State officials have notified clients that they will get coverage for only three of those visits each year starting Saturday. Additional visits will not be covered, and patients may be billed for that care.
(Excerpt) Read more at khq.com ...
And so it begins.
too many use the emergency room for the doctor’s office
Waste of money to pay postage to mail a bill. They aren’t going to pay anyway. This is just going to hasten the bankrupcy of more hospitals.
And why should ANY non-emergency visits be covered?
You are absolutely right about that! I have worked ER’s in several states, and in every one, we were bogged down with non-emergency patients who we had to see regardless..........Fear of litigation ran deep.

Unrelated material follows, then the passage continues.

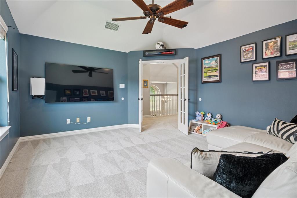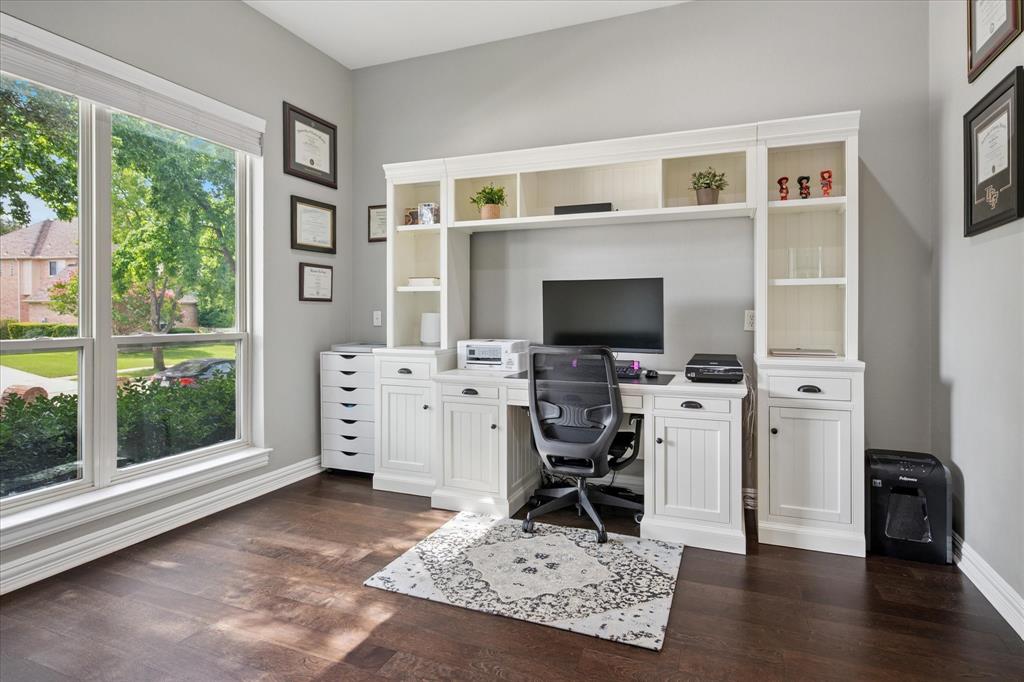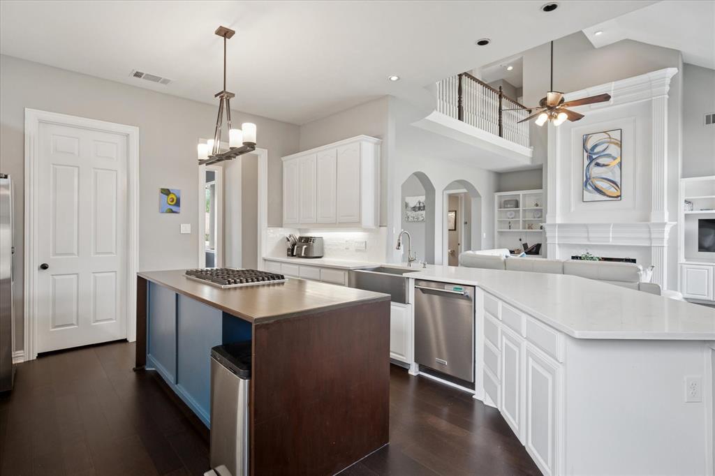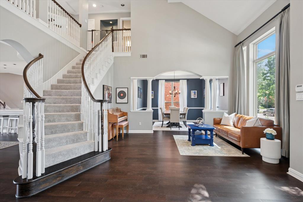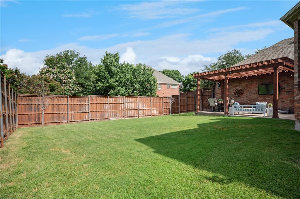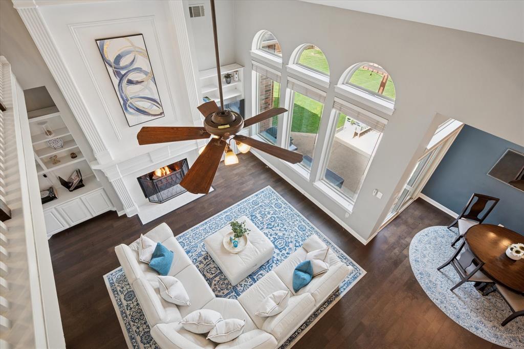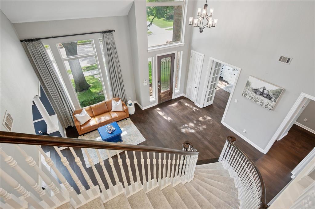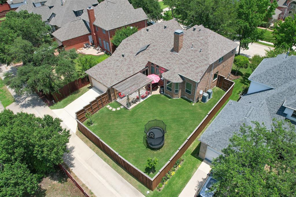 This thoughtfully renovated home offers a stylish blend of comfort and functionality, perfectly suited for today’s modern lifestyle. Located on an east-facing lot in the sought-after Hackberry Creek gated golf community, this property features recent updates and timeless finishes throughout. Step through the custom wood, glass, and iron entry door into a stunning two-story foyer with a sweeping staircase. Hardwood floors, designer lighting, and updated fixtures flow through spacious formal living and dining areas, along with a private study enclosed by French doors —ideal for working from home. The open-concept great room boasts large arched windows with backyard views, custom built-ins, and a gas fireplace with modern subway tile surround. The fully remodeled kitchen is a chef’s dream: quartz countertops, butcher block waterfall island, subway tile backsplash, stainless steel appliances, gas cooktop, breakfast bar, and ample storage. The main-level primary suite features a sitting area and a spa-inspired bath with a frameless glass shower and freestanding soaking tub. Upstairs, a second staircase leads to a versatile game room, three additional bedrooms, and two remodeled full baths — all providing flexible space for media, guests, hobbies, or daily life. Step outside to a large, fenced backyard with an extended patio and pergola perfect for gatherings or relaxation. Additional highlights include a 2-car rear-entry garage, epoxy garage floor, Elfa storage systems, recent carpet, custom drapes, and a hail-resistant roof. Move-in ready with elevated updates throughout, this home offers the space, location, and features to support a dynamic and comfortable lifestyle. *Upstairs HVAC and Electric panel replaced 2023!

In many areas there is no none emergency medical care available on weekends and after 5 PM. If the government
wants to deal with something deal with this obvious flaw!
none = non
Bill all you want, they won’t pay it. If they are illegal, or on welfare, or unemployed, there’s not much that can be done.
To fix it, the hospitals need to set up triage nurses at the door. Do not let these people register or make it to the waiting room. If the problem is determined to be non-emergent, call their MD and make an appointment for them for when the MD can see them and send them on the way. Before they get in the hospital to even sit down.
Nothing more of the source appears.